Lowes employs non-exempt, hourly paid customer service representatives responsible for tendering sales, coordinating deliveries, managing installations, facilitating repair services and answering customers’ inquiries, the case states. According to the suit, however, the home improvement retailer has failed to compensate call center employees for all compensable work hours by requiring that they clock in only once they are ready to take their first call. As a result, the case says, the workers are required to start up their computers, read company emails, open several different computer programs, log in to each program and ensure that the software is running correctly—which can take anywhere from five to 15 minutes—all before clocking in for their shifts.
Per the case, workers who are not ready to take their first call at the start of their shift, or those who clock in prior to their shift start time, are subject to discipline.

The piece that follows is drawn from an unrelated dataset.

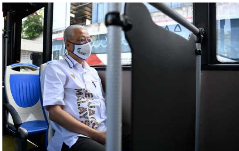
Ismail Sabri menaiki bas elektrik penuh (EV) pada lawatan ke kilang pemasangan bas SKSBus Coachduilder, hari ini.

“Therefore, the only way to be ready on time, and avoid discipline, is to prepare the computer ‘off-the-clock’ and without pay,” the complaint attests.
The lawsuit says call center workers are required to perform similar off-the-clock work during their 30-minute unpaid lunch breaks, and spend roughly one to three minutes logging out of the phone system and computer applications and logging off their computer before leaving for their break. Workers are then required to spend another one to three minutes at the end of each break logging back into their computers and programs, the suit says. This “lengthy log off and log in procedure” is performed during workers’ breaks and therefore goes uncompensated, according to the suit.
The case goes on to claim that Lowes has a policy and practice of requiring employees to clock out for breaks lasting 20 minutes or less. While the defendant permits workers to take two 15-minute breaks each day, they are required to clock out for “any and all breaks” outside of their two 15-minute breaks, according to the suit. If an employee exceeds their 15-minute breaks by even a minute, the defendant clocks them out and does not pay for the additional minute, the lawsuit alleges.
Per the case, Lowes’ pay policies have resulted in workers not being paid time-and-a-half overtime hours for their off-the-clock work, the amount of which causes their weekly hours to exceed 40.